Vegetable Shortages Possible Due to High Electricity and Gas Prices

Rising electricity and gas prices will affect agricultural crops grown during the winter in heated greenhouses, such as tomatoes, peppers and cucumbers.

Vegetable growers in Europe are considering halting production due to the financial blow dealt to them by the European energy crisis, raising the costs of greenhouse cultivation and refrigerated storage.

Rising electricity and gas prices will affect agricultural crops grown during the winter in heated greenhouses, such as tomatoes, peppers and cucumbers, but also those that need to be stored in cold storage, such as apples, onions or endive.

Emmanuel Lefebvre produces thousands of tons of endive annually on a farm in northern France, but this year he may give up production because of crippling energy costs needed to cool the harvested heads.

Growing endive requires a particularly large amount of energy. After being harvested in the autumn, the heads are stored at below-zero temperatures and then replanted in temperature-controlled spaces to enable year-round production.

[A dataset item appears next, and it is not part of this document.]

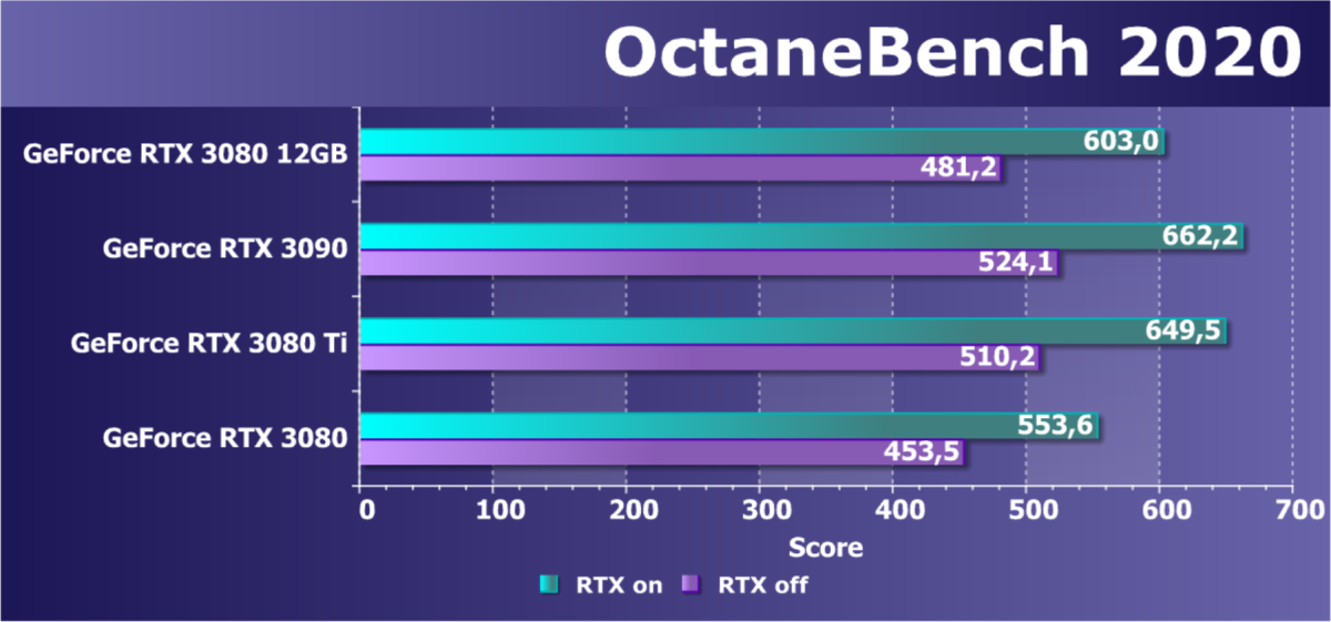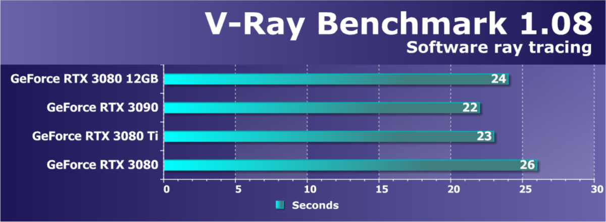 Новая модификация GeForce RTX 3080 отлично подходит для таких задач, так как она имеет 12 ГБ быстрой GDDR6X-памяти на борту, что на 20% больше, чем у обычной RTX 3080 — это дает возможность увеличить разрешение текстур, сложность 3D-сцен и т. д. Больший объем видеопамяти позволяет работать с большим массивом данных одновременно, и объем VRAM весьма важен для профессиональных применений.

“We are really wondering whether we will harvest what is in the fields this winter,” Lefebvre told Reuters. European farmers are warning of possible shortages. The expected blow to production and price surge could prompt supermarkets to source more agricultural products from warmer countries, such as Morocco, Turkey, Tunisia and Egypt.

The biggest cost item for greenhouse vegetable growers is gas, farmers say. Prices are more than 10 times higher than in 2021, they complain in France.

“In the coming weeks I will plan the season, but I don’t know what I will do,” said Benjamin Simonot-De Vos, who grows cucumbers, tomatoes and strawberries south of Paris. “If it stays like this, there is no point in starting another year. It is unsustainable,” he added.

In addition to expensive energy, farmers’ profits are also threatened by the ever-rising costs of fertilizer, packaging and transport.

Even fruit and vegetable growers in sunny countries such as Spain are having problems, primarily with fertilizer costs, which have risen by a quarter.

Jack Ward, executive director of the British Growers Association, believes that production will move ever farther south, beyond Spain to Morocco and parts of Africa.